Online sales now account for 33 percent of all retail sales, compared to 20 percent a year ago.
Critics argue that increasing VAT to 23 percent would hit the poor the hardest and would only pass on what was paid in corporate rates to the consumer. However, Hollinrake argues that customers are already paying for business tariffs indirectly because the operating costs are hidden in the prices paid for things.
In fact, Hollinrake believes prices would stay the same as retailers would stop paying business rates despite the 3 percent VAT hike.
Mr Hollinrake said, “Consumers all pay taxes, that’s the reality. In a competitive marketplace, prices are lowered by competition on capital costs and operating costs. It’s built into what a company can do to stay afloat. Online sales tax would ultimately still be paid by the consumer – there is no difference. You are just exchanging one tax for another. “
Hollinrake points out that when Amazon introduced a 2 percent digital sales tax last August, it simply passed the cost on to small businesses selling through its platform.

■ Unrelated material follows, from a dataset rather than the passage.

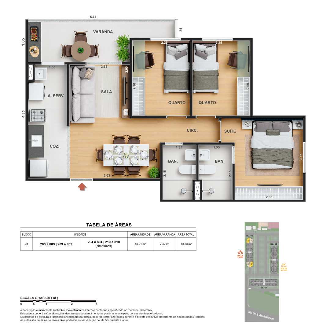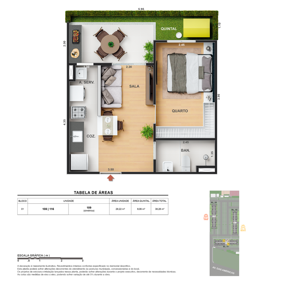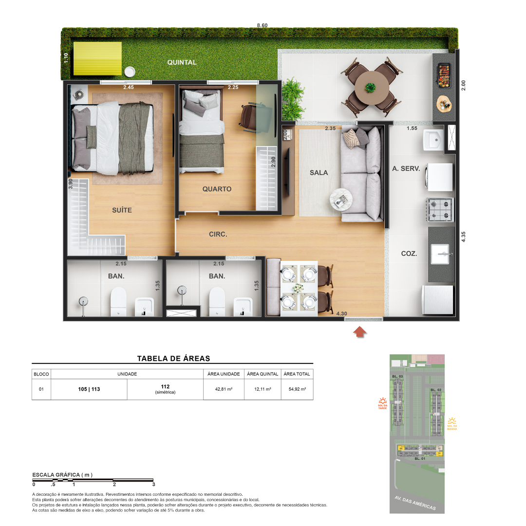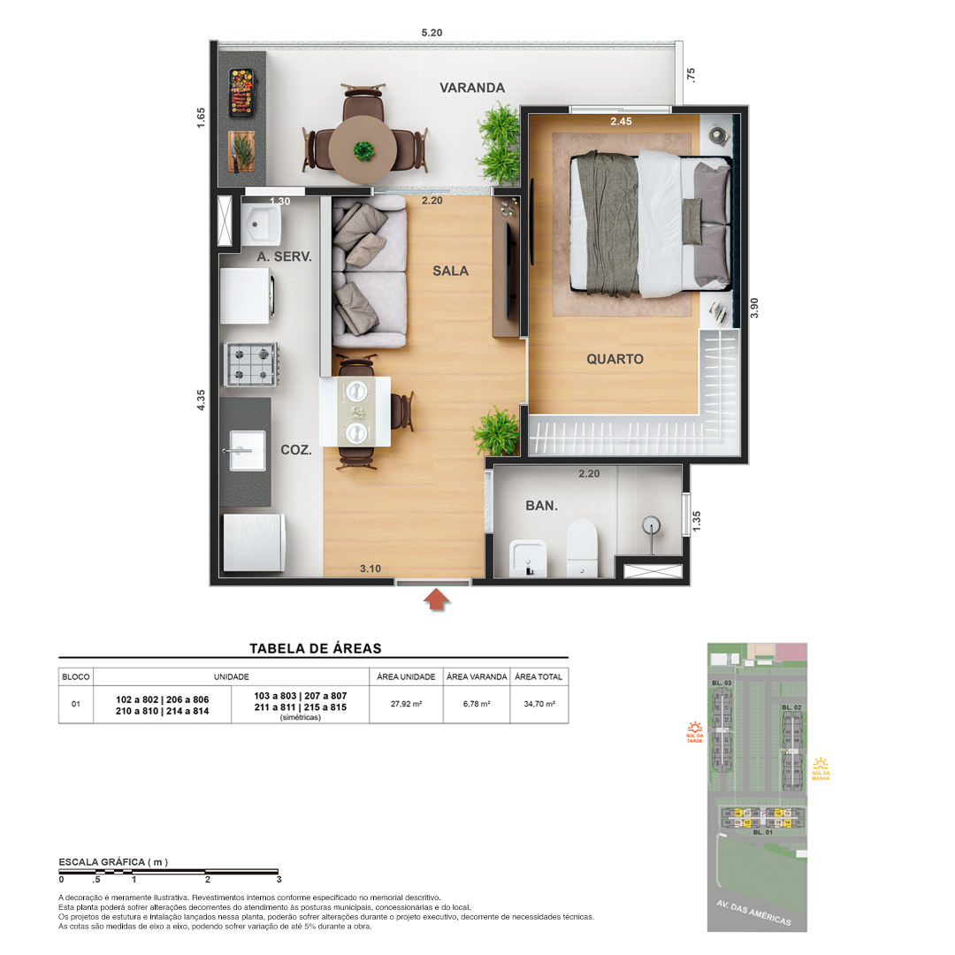 Todas as perspectivas, ilustrações e plantas contidas neste material foram concebidas como uma idealização artística de seus executores, de forma que ilustrem como pretendem que venha a ser o empreendimento em seu todo. O imóvel será construído com fiel observância das plantas aprovadas, das especificações e do memorial descritivo que integram o memorial de incorporação, podendo a PROMITENTE VENDEDORA, no entanto, por conveniência técnica, determinação do Poder Público ou exigência das empresas concessionárias de serviços públicos e Caixa Econômica Federal, promover modificações no projeto aprovado, sem que assista a qualquer das partes direito à indenização ou compensação de qualquer natureza. O paisagismo especificado nas ilustrações artísticas dos materiais publicitários é meramente enunciativo, de modo que o mesmo será executado com “mudas”, cabendo ao condomínio a responsabilidade de manter e zelar para que o referido paisagismo atinja ou se aproxime do nível sugerido no material exibido. As imagens, mobiliários, equipamentos e acabamentos são de caráter ilustrativo e não integram o contrato de compra e venda. As áreas poderão sofrer ajustes em razão de exigências técnicas ou legais, dentro das tolerâncias previstas pelas normas da ABNT. Projeto de construção aprovado pela Prefeitura Municipal da cidade do Rio de Janeiro, através do processo nº EISPRO2024/21600. Arquiteta responsável pelo Projeto: VIRGINIA LANNES EMANUEL CAU/RJ A4301-0. Engenheiro responsável pela Obra: CARLOS EDUARDO FÉLIX PAIVA CREA/RJ 2003103537. Propriedade de VITALE V20 EMPREENDIMENTOS

Politically, a 3 percent increase in VAT may be a difficult argument, as the government has expressly not promised an increase in VAT rates in its manifesto.
Mr Hollinrake isn’t the only high profile person calling for corporate rate reform.
Last month, Theo Paphitis, television star of Dragon’s Den and owner of Ryman stationery, said he prayed that Rishi Sunak would hear about corporate rate reform, which he called “the most unfair tax in the fifth century.”